Gavin Newsom has the makings of a great villain—he
certainly looks the part—but he’s term-limited as governor of California and
will be out of politics in 14 months. Pugnacious Texas Rep. Jasmine Crockett
also has
potential, enough so to have already drawn barbs
from the president about her supposedly low IQ, but she has no path to
higher office despite her delusions
to the contrary. She’s less relevant politically than Marjorie Taylor
Greene is.
The closest Republicans have come to finding a new
bogeyman in the Trump era is Rep. Alexandria Ocasio-Cortez, who became a
subject of right-wing horror
and fascination after she upset Democratic incumbent Joe Crowley and went
on to win a House seat in 2018. AOC is a MAGA nightmare come to life—young,
female, nonwhite, avowedly socialist, and credibly populist enough to make
Republicans sweat. She’s a significant threat to the nationalist task of
“making America great again” by restoring the primacy of the country’s
traditional ruling demographics.
But as a backbencher in a minority party in a branch of
government that functionally no longer exists, she’s just not that scary to
Republicans at the moment. She may yet achieve “great villain” status if she
runs for president or the Senate in 2028. Until then, she has no power except
her ability to rally progressives on the stump.

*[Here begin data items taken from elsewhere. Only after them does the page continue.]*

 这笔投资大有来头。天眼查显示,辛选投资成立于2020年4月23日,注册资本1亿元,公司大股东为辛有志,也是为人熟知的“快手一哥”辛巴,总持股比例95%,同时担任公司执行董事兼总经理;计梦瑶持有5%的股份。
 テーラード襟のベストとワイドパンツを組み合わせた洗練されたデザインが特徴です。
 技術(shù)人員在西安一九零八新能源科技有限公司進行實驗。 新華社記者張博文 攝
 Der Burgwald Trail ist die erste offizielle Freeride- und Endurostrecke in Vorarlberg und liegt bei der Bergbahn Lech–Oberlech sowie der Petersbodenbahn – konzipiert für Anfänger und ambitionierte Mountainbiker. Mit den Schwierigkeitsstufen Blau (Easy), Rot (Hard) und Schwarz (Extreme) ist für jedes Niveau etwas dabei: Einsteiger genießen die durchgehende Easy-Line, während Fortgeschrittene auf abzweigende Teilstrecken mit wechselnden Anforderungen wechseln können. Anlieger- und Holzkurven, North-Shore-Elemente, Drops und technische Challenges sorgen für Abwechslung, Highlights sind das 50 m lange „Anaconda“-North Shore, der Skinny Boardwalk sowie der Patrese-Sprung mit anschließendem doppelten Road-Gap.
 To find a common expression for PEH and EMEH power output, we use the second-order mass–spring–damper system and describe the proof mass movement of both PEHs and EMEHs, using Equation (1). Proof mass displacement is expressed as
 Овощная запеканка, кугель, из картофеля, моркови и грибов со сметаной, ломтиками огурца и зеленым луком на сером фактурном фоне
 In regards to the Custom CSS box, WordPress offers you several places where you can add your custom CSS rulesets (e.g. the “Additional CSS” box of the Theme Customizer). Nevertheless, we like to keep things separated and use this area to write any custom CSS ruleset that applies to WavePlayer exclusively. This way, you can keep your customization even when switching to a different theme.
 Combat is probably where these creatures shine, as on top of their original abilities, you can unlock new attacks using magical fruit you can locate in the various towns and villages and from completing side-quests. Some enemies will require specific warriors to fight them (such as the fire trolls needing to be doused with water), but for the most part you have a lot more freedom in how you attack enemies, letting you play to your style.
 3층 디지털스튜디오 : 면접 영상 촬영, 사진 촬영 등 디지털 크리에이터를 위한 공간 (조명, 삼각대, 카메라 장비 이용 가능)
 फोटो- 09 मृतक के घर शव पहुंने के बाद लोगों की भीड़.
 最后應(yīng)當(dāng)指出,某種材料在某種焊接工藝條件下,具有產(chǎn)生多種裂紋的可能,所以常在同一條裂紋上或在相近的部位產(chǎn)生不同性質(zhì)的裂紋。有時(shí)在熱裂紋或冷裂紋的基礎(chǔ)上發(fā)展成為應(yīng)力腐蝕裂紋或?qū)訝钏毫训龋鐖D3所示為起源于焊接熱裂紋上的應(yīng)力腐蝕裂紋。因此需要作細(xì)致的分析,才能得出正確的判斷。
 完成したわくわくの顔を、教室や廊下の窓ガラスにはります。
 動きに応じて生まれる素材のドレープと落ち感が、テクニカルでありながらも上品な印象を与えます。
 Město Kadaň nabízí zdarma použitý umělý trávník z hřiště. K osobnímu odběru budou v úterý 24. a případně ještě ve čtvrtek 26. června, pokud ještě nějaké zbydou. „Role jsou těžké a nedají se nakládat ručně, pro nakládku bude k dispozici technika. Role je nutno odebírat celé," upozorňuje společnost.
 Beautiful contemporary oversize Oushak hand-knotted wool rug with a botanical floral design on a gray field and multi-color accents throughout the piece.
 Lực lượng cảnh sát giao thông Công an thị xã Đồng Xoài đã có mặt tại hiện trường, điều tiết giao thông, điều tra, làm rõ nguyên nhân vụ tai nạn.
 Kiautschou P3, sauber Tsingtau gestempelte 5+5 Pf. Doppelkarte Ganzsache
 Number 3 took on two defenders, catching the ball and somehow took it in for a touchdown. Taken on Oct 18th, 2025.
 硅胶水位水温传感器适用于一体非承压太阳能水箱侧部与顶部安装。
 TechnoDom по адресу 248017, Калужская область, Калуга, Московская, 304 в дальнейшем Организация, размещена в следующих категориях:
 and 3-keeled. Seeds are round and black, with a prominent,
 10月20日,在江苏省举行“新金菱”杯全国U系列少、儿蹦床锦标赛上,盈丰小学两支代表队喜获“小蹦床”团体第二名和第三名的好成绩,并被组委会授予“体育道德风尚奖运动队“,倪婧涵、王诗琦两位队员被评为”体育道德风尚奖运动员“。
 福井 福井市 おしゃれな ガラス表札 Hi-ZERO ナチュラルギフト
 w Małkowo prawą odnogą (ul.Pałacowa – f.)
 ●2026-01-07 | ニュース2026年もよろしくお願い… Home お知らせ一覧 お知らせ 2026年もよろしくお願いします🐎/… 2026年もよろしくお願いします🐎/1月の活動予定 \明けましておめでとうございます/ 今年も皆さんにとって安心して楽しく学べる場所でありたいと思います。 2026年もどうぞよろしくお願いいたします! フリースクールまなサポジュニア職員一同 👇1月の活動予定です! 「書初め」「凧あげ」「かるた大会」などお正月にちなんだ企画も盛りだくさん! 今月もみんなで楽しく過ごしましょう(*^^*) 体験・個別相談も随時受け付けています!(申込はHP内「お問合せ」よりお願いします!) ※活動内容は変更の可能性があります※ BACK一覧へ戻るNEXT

So the long search for a Democratic bogeyman goes
on—although maybe not for much longer.
New York City mayoral candidate Zohran Mamdani is
everything the populist right fears and loathes about Ocasio-Cortez, except
more so. He’s younger than her, every bit as radical as her, and not merely
nonwhite but non-Christian. The prospect of a Muslim governing NYC after 9/11
has become a hot topic in the mayor’s race, partly due to bigotry but
also partly to Mamdani’s own tolerance for
terrorism aficionados and odd priorities in remembering
victims of the attack.
As a threat to American nationalists, the only way AOC
has him beat is that she’s a woman. And even there, critics have been keen to
note “Mamscrawny’s” underwhelming
bench press as evidence that he’s not quite a man.
If the mayoral polling is correct, by this time next week
he’s likely to be the most powerful socialist in the country. Unlike
Ocasio-Cortez or Bernie Sanders, he’ll have real policymaking authority over an
influential part of America: the nation’s largest and wealthiest city and, as
it happens, the president’s hometown. In every way, he’s an ideal foil for
Donald Trump’s party as it strives to make next year’s midterms a choice between
Republican rule and Democratic radicalism rather than a referendum on
Trump’s presidency.
How useful a bogeyman will Zohran Mamdani be for the GOP?
The anchor.
He’ll be useful enough that it took Rep. Hakeem Jeffries
until mid-October to endorse him.
Jeffries is the House minority leader and another major
national figure from New York City, making his preference in the mayor’s race
that much more significant. Yet despite the fact that Mamdani won the
Democratic primary months ago and has led in every poll since, not until a few
days ago did Jeffries finally
take the plunge and support his party’s nominee. In fact, Senate Minority
Leader Chuck Schumer—also a New Yorker—still hasn’t endorsed as I write this.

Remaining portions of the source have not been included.